Vigilante Injustice
by
Jodie's got a gun and she's not afraid to use it in The Brave One, a hardcore vigilante thriller directed by Neil Jordan of The Crying Game fame. After Panic Room and Flightplan, who could doubt a Jodie Foster heroine of the new millennium can protect herself? But during this violent essay on revenge set in the dimly lit crannies of New York City, her character goes overboard in a manner that many, like me, will find troubling.
Foster portrays talk-radio host, Erica Bain, whose show on the (made-up) listener-supported station WNKW features aural chronicles of Gotham inspired by her walkabouts. When a heinously brutal attack in Central Park leaves her clinging to life and her fiancé dead, among the things she loses is the sense of safety and freedom that enabled her peripatetic musings.
Only hawkish neocons and Old Testament literalists believe a killing spree is the best way to make the streets safer and get back to work. Debilitated by fear, Erica forgoes counseling or the support of friends and family and buys a gun. The bloodletting begins by accident when she shoots a homicidal man in a deli and two menacing African-Americans accost her on the subway. Then our avenging angel starts looking for the baddies, including her three Puerto Rican assailants from the park.

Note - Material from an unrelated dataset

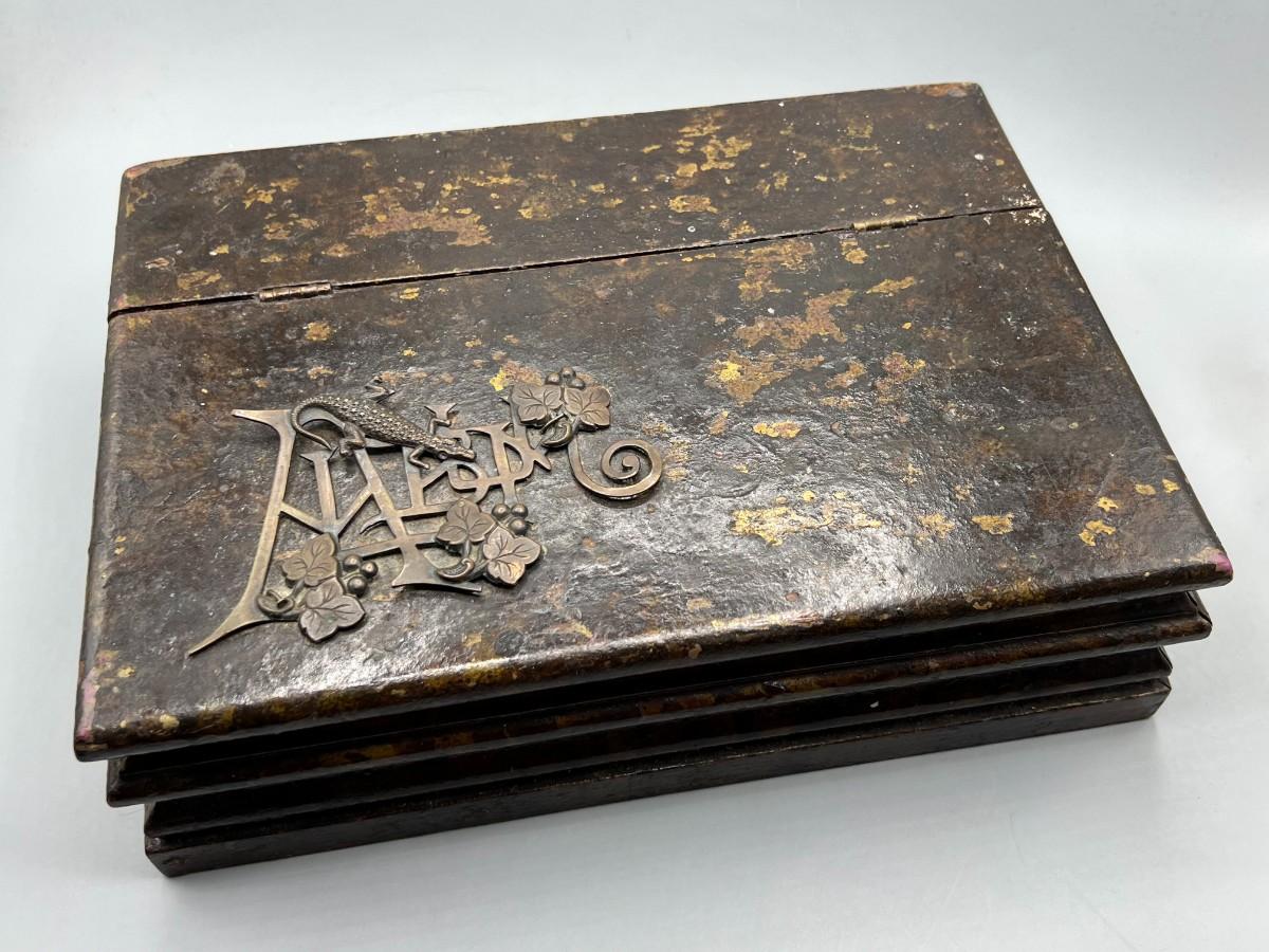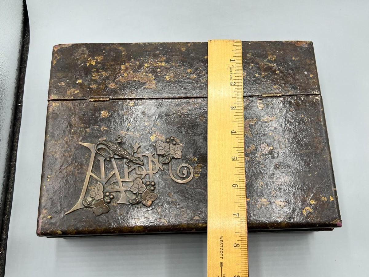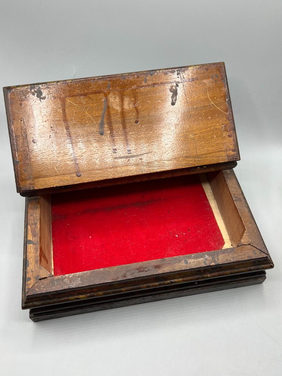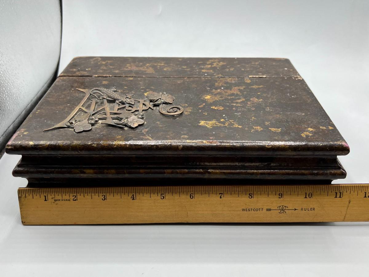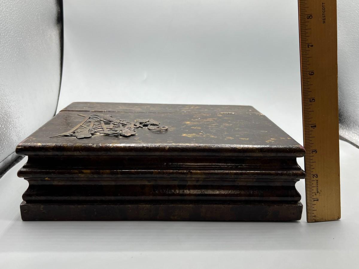 Vintage Art Deco Wooden Metal Insignia Jewelry Box

She meets an NYPD homicide detective played by Terrence Howard and decides to profile him for her show. He gradually suspects her of being behind the unsolved string of murders -- and even facilitates one -- but is drawn to her as woman, victim, and vox populi. He must see her as an alluring composite of an NPR anchor, Charles Bronson and citizen activist.
To its credit, The Brave One doesn't flinch from a stark depiction of retribution and the evil that lurks in the shadows of every metropolis. It doesn't offer the expected ending. To its detriment, what it does present -- without revealing too much -- is at best amoral. From an ethical standpoint, the narrative offers no mitigating circumstances. It makes no difference that the people Erica kills are evil and deserve to die, or that she's motivated by self-defense initially. And while undeniably tense and well-crafted, the provocative film doesn't earn a pass on aesthetic grounds either.
It's not a compelling character study because Erica's transformation from alternative media maven and hopeful lover to cold-blooded killer isn't fleshed out with psychology or cinematic substance. We can't grasp enough of what she's thinking and feeling as she adds a gun to the tools-of-her-trade, alongside her microphone and tape recorder. She lapses into a near catatonic state well beyond post-traumatic stress disorder, which doesn't make for probative drama. There's nothing amiss with Foster's clenched performance, yet the void in Erica, together with a final plot twist and Howard's uncanny turn, shifts our attention to her police confidante.
While failing to elicit cathartic sympathy or compassion for its protagonist, The Brave One doesn't let you to ponder the nature of justice either. You're forced to take the movie at face value, in which case it belongs alongside the recent Kevin Bacon vehicle Death Sentence and Bronson's infamous Death Wish from 1974. There's no indication the title is meant ironically, even though Erica Bain actually conforms to an archaic definition of brave meaning "bully or assassin." In the same ugly vein, it's troubling how the movie pushes racial buttons without any justifying purpose -- a charge not deflected by having Erica's fiancé be a doctor of color (Naveen Andrews).
Where the film succeeds is in forcing you to consider whether your reactions are tainted by a double standard regarding gender and screen violence. Would the story be more acceptable if it were about a man? Having completed that check and answered no -- you must conclude that a tale of vengeance can be exciting but never satisfying absent the complexities of eloquent language or imagery. As polished as it may be on the surface, neither are present in The Brave One.
(Released by Warner Bros. Pictures and rated "R" for strong violence, language and some sexuality.)